Kelly Criterion Position Sizing

f* = (p × b − q) / b × (1 − CV_edge) × 0.25

What it means: We never bet a fixed dollar amount. Kelly tells us the mathematically optimal fraction of bankroll for each trade given our estimated edge. We then apply a 75% haircut (fractional Kelly) to account for uncertainty in our own estimates. This maximizes long-run growth while preventing ruin.

// FAQ

Frequently Asked Questions

Everything you need to know before getting started.

What is prediction market making?
Instead of betting on outcomes, we act as a liquidity provider — placing buy and sell orders simultaneously and collecting the spread between them.

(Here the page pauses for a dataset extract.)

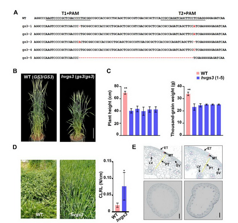 Gγ亞基在多種生物過程中發(fā)揮著重要作用,但其在大麥中的具體功能尚未完全明確。為了深入研究這一問題,中國科學院西北高原生物研究所高原作物種質資源創(chuàng)新與利用研究團隊利用CRISPR/Cas9技術敲除大麥品種Golden Promise中的HvGS3基因,并通過詳細的表型分析比較了突變體hvgs3與野生型之間的株高、穗長和千粒重等農藝性狀。結果顯示,突變體hvgs3的株高比野生型降低了37.8%至43.1%,同時倒二節(jié)的抗倒伏指數(shù)提高了76.6%。進一步分析發(fā)現(xiàn),突變體hvgs3的莖節(jié)細胞長度顯著縮短,導致株高降低。突變體hvgs3的木質素合成通路被激活,木質素含量比野生型增加了22%,基部第二節(jié)間的維管束數(shù)量、機械組織厚度均高于野生型,從而增強了莖稈的機械強度。通過CRISPR/Cas9技術成功敲除HvGS3基因,我們創(chuàng)制了一種具有矮化和抗倒伏特性的大麥新種質資源,株高的降低和莖稈強度的增加共同提升了其抗倒伏性能。該研究不僅揭示了大麥HvGS3基因的功能,還為培育抗倒伏、高產的大麥品種提供了寶貴的理論依據(jù)和技術支持。

When a buyer and a seller both trade against our quotes, we profit from the difference regardless of the actual outcome. It's the same business model as stock market makers like Citadel and Virtu, applied to prediction markets.
Why don't the big trading firms do this on Kalshi?
They do — on the large, high-volume markets. But institutional firms need to deploy millions of dollars to justify their overhead. A market with $50,000 total volume is too small for them to bother with. That's exactly where we focus: the "sweet spot" markets that are too small for hedge funds but large enough to generate meaningful returns for retail traders.
How much capital do I need?
We recommend starting with $500-$1,000 for your first month in live trading. This lets you validate the strategy with real money while limiting downside. Once you're comfortable and seeing consistent results, scaling to $5,000-$10,000 produces more meaningful returns. Our Kelly Criterion sizing automatically adjusts position sizes based on your bankroll.
What platform does this work on?
Currently we're building for Kalshi — a CFTC-regulated prediction market exchange that is 100% legal for US traders. Kalshi has a proper API that allows automated trading, which is essential for our system. We're also monitoring Robinhood's prediction market API as it matures.
What are the realistic returns?
Our paper trading system is currently showing +$114/day on $1,000 in paper capital. Live trading returns will differ due to real fills, fees, and market conditions. Conservative realistic expectation for live trading with $1,000 capital: $10-50/day in the first month as you learn the system. With $10,000 capital and a tuned strategy: $100-300/day is achievable. These are not guarantees — prediction market trading involves real financial risk.
Do I need to monitor it constantly?
No. The system runs autonomously 24/7 on a cloud server. The VPIN kill switch handles emergency situations automatically. You'll receive Telegram alerts for important events (fills, stop losses, daily summaries) so you can stay informed without watching a screen. Most users check in once a day.
Is this legal in the United States?
Yes. Kalshi is regulated by the CFTC (Commodity Futures Trading Commission) and is fully legal for US traders. Automated trading on Kalshi via their API is explicitly permitted under their terms of service. We are not affiliated with Kalshi — we are an independent software tool that connects to their API.